Taiwan's Plan to Buy F16C/D Suspended by U.S. President
(Source: Taiwan government news; issued Oct. 2, 2006)
TAIPEI --- Taiwan's plan to buy 66 F16C/D jet fighters from the United States has been suspended by President George W. Bush, Minister of National Defense Lee Jye said Monday.

In a report to the Legislative Yuan's National Defense Committee, Lee said the U.S. stance is that until a long-stalled arms purchase package clears the legislature, it does not see Taiwan as having a consistent military procurement plan.

Lee was referring to a package of six Patriot PAC-3 anti-missile batteries, a squadron of 12 anti-submarine P-3C aircraft and eight diesel-electric submarines, which has been blocked by the opposition-dominated legislature for more than two years. Lee noted that U.S. officials in charge of military purchase had promised to sell the F16C/D aircraft.

The American Institute in Taiwan, the quasi-official organization authorized by the U.S. to handle ties with Taiwan in the absence of diplomatic ties, had also agreed to offer quoting price to various allies to the island for reference. However, Taiwan has received no response since late August.

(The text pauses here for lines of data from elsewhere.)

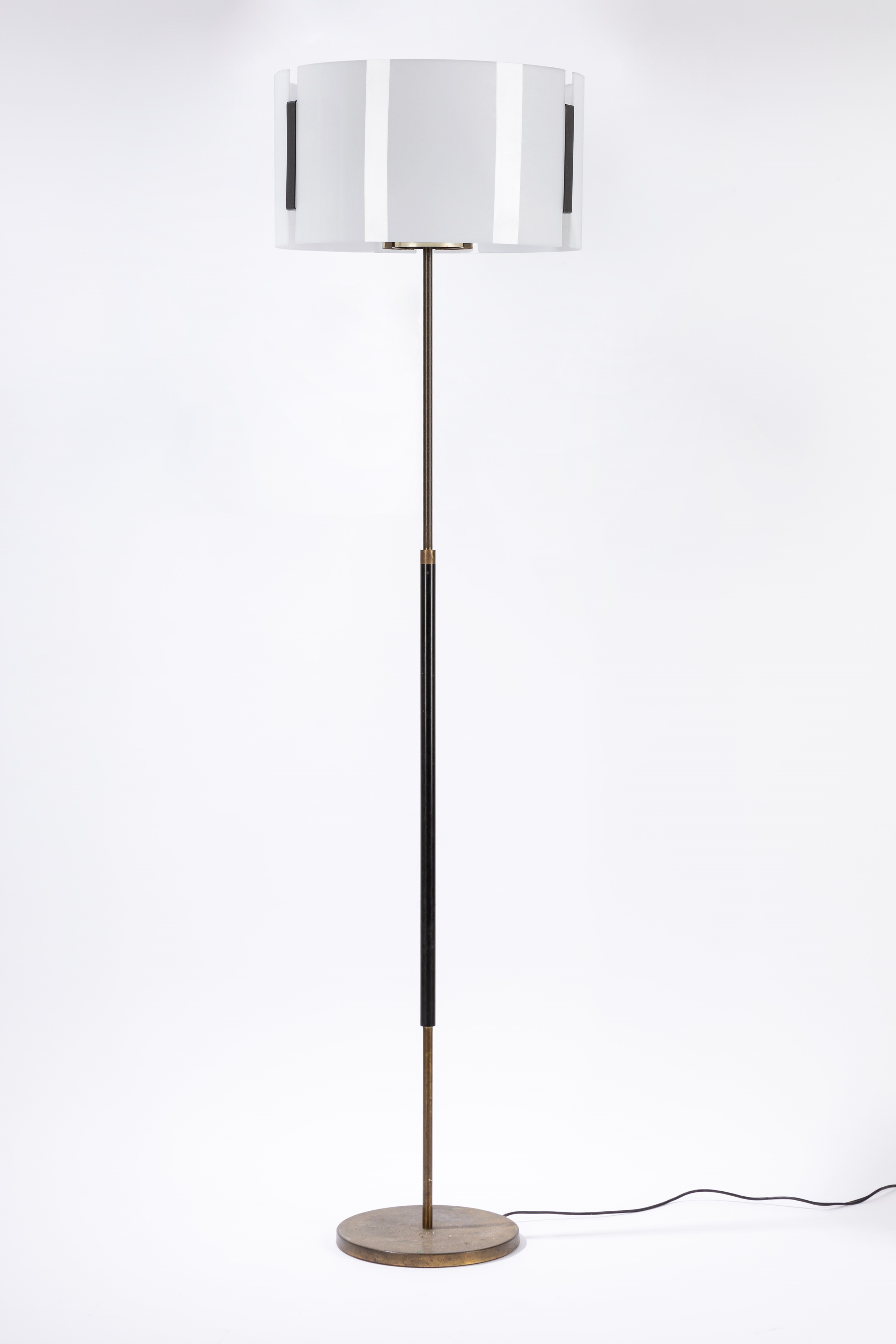 1950 ca. modello 397.Schermo in metacrilato bianco, struttura in metallo verniciato e ottone.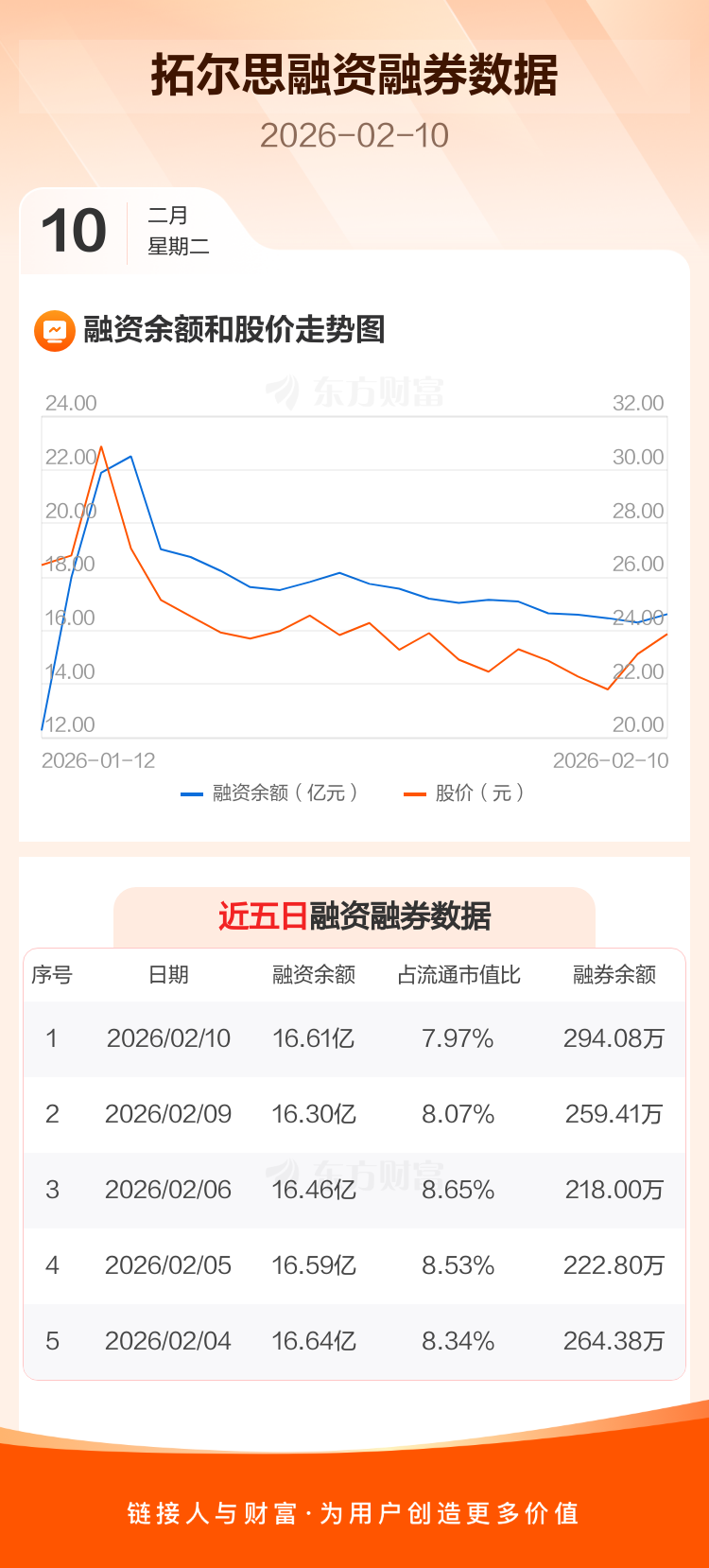 交易所最新数据显示,拓尔思于2026年2月10日获融资买入1.57亿元,融资偿还1.26亿元,当日融资净买入3083.98万元。目前,该股融资余额16.61亿,占流通市值比例为7.97%。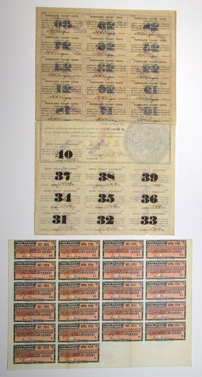 Oregon & Texas, 1885-1915. Lot of 2 Bonds, Includes: Portland Yacht Club, $50, I/C 6% Coupon Bond with flag top center and large gold seal bottom left; and, Texas Steamship Co. $1000, Specimen 6% Gold Coupon Bond, Specimen overprints and POCs. Bonds range from VF to XF condition. (2). Sold "AS IS" no returns accepted.
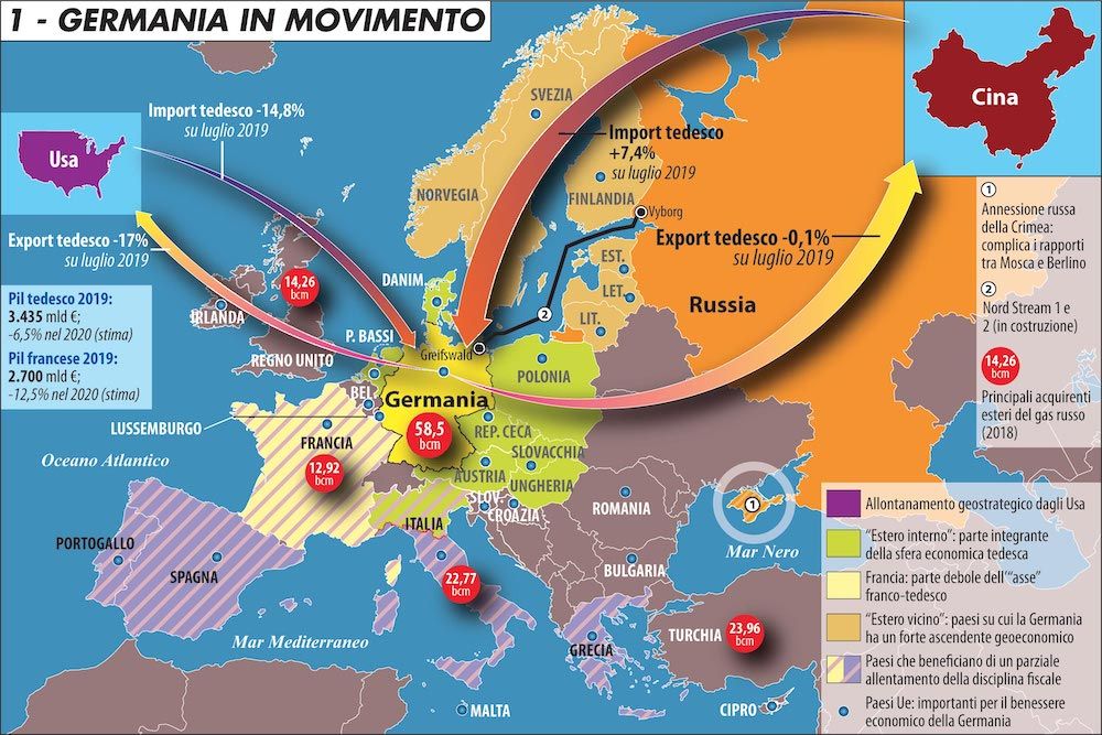 La Parte Seconda del numero 9 di “Limes” si occupa della Germania con ben nove articoli, come sempre scritti da persone con diverse formazioni e visioni del mondo. Prende in esame lo Stato più popoloso dell’Unione Europea (80 milioni di abitanti), osservato speciale dagli Usa dopo le due guerre mondiali, ben poco pericoloso oggi dal punto di vista militare ma fortissimo sul piano economico e commerciale. Vengono studiati i suoi rapporti con i due nemici storici degli Usa: la Cina, indispensabile partner commerciale, e la Russia, con cui, dopo la scelta di rinunciare al nucleare, in seguito alla tragedia di Fukushima, il Paese della Kultur versus la Zivilisation, ricco di carbone troppo inquinante, sta perfezionando il Gasdotto Nordstream 2. Anche nei confronti dell’Iran la politica estera di Merkel non è di ostilità, diversamente da quanto accade alla potenza egemone mondiale, gli Usa. Ma la Germania non è l’unica disobbediente in Unione Europea. Anche l’Italia si è mossa autonomamente sottoscrivendo, in occasione della visita in Italia di Xi Jinping, un Memorandum con la Cina. Gli Usa, che sembrano averci un po’ abbandonati perché impegnati nella battaglia intrapresa contro il nuovo nemico cinese e nell’osservazione dell’ex nemico storico, ci tengono comunque sotto controllo, anche se in modo molto diverso rispetto ai tempi della Guerra fredda. Le mappe anche in questo caso sono fondamentali per capire i movimenti strategici, via terra e via mare, dell’unico Impero mondiale attualmente esistente, quello degli Usa e del gigante emergente che gli si contrappone, utilizzando sia il controllo degli Stretti, che i legami economici e commerciali e il percorso della Via della seta. Molto interessanti sono le mappe di Ordolandia e Caoslandia, intendendo per Ordolandia il vecchio Occidente, di cui siamo l’avanguardia, lasciata sola dai Paesi Ue, verso cui approdano i migranti e per Caoslandia l’Africa e l’area del Mediterraneo. Dovrà essere la Giovane Germania, nata solo nel 1990, «collazione di Germanie», Paese troppo piccolo per dominare l’Europa e troppo grande per essere come gli altri, a prendere in mano la mutata situazione geopolitica? Già lo ha fatto in occasione della pandemia preoccupandosi di proteggere finanziariamente durante il semestre tedesco in Ue i Paesi più fragili e più duramente colpiti dal contagio pandemico. Un intervento del terribile Schauble al Parlamento tedesco rimarca l’intenzione della Germania di assumersi l’egemonia dell’Unione Europea, di ricoprire un ruolo importante in politica estera, nonostante il tedesco medio sia in tutti questi anni diventato un Grande Svizzero, desideroso di tranquillità e di Stato sociale. Da leggere con attenzione anche gli approfondimenti sulla relazione tra il centrismo di Merkel e la nascita di AfD.

But Lee said he believes that if the three-item arms procurement project clears the legislature, the F16 fighter procurement will also be revived.

The ministry is hoping to buy the F16C/Ds to replace the Air Force's F5E and F5F aircraft, which are being phased out over the next few years.

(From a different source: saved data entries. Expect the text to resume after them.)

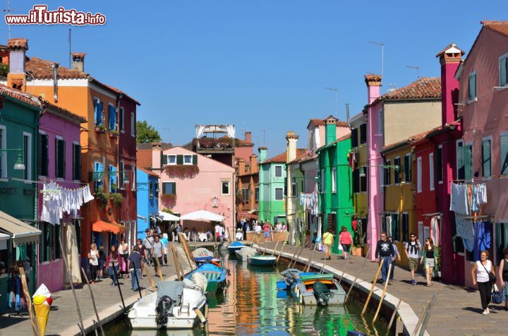 Circondata da specchi lacustri come la palude di Santa Caterina e quella di Burano, accarezzata dal canale dei Borgognoni, la cittadella è collegata a Murano tramite il percorso navigabile Bisatto-Canale Carbonera-Scomenzera San Giacomo. Guadagnata la sponda di Burano, ci si immerge nel piccolo centro e subito ci si accorge di aver a che fare con una sorta di opera d’arte galleggiante, un dipinto a cielo aperto incorniciato dal’acqua: come pennellate arlecchinesche e campiture bizzarre, le case se ne stanno allineate con i loro colori squillanti, contrastanti con la foschia o ancor più luminosi nelle giornate di sole.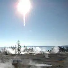 One physical basis of bloom is that, in the real world, lenses can never focus perfectly. Even a perfect lens will convolve the incoming image with an Airy disk (the diffraction pattern produced by passing a point light source through a circular aperture).[2] Under normal circumstances, these imperfections are not noticeable, but an intensely bright light source will cause the imperfections to become visible. As a result, the image of the bright light appears to bleed beyond its natural borders.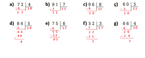 1. Aşağıdaki bölme işlemlerini yapınız.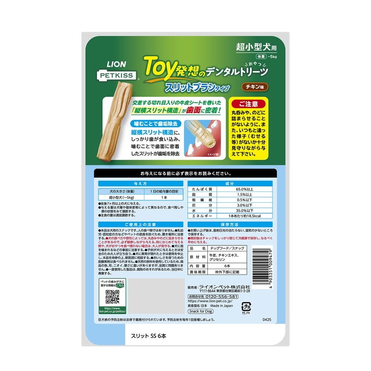ライオンペット PETKISS Toy発想のデンタルトリーツ スリットブラシ 超小型犬 6本【ポイント10倍】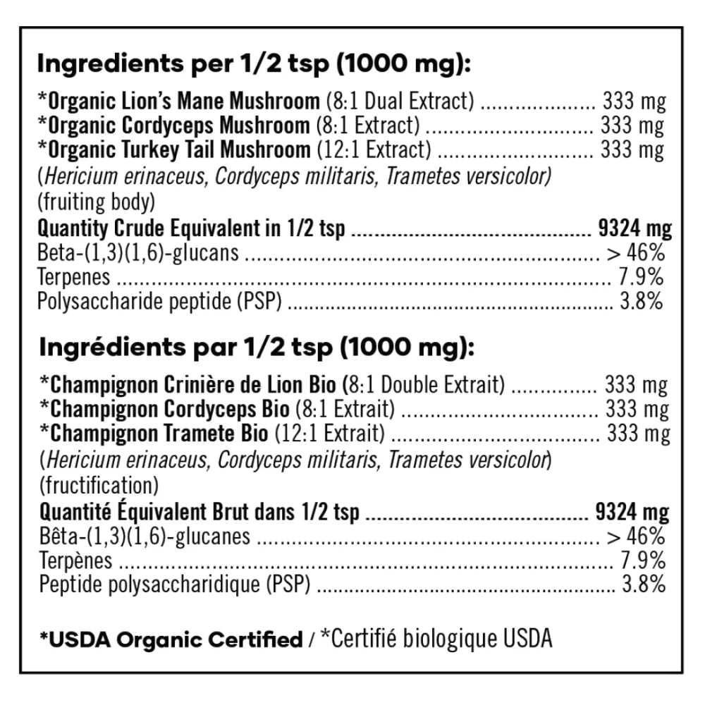 Ingrédients par 1/2 cuillère à thé (1000 mg) :Champignon queue de dinde (extrait 12:1) ...... 333mg (Trametes versicolor, corps fructifiant)Champignon Cordyceps Militaris (Extrait 8:1) ...... 333mg (Cordyceps militaris, corps fructifère)Champignon crinière de lion (extrait double 8:1) ...... 333mg (Hericium erinaceus, corps fructifère)Quantité équivalente brute dans ½ cuillère à café.........9333mgBêta-D-glucanes : > 32%Terpènes : > 5%Peptide Polysaccharide : (PSP) : > 2%*Certifié biologique par l'USDA

According to media reports, even if Taiwan is permitted to buy the F16C/Ds, they will not be delivered until 2011. By that time, Taiwan's self-developed IDFs will have been in service for nearly 20 years and the F16A/Bs purchased from the U.S. will have been in service for more than 15 years.

Meanwhile, the ministry's plan to buy eight to 12 SEAL delivery vehicles (SDVs) from the United Arab Emirates has been aborted, Lee said. Lee said that the purchase of the SDVs -- a type of mini submarine -- was suspended after news of the intended purchase was leaked.

Lee denied reports that the military has asked some government agencies to pay a deposit of between US$4 million and US$5 million for the mini subs, claiming that "we haven't paid anything, not even one cent."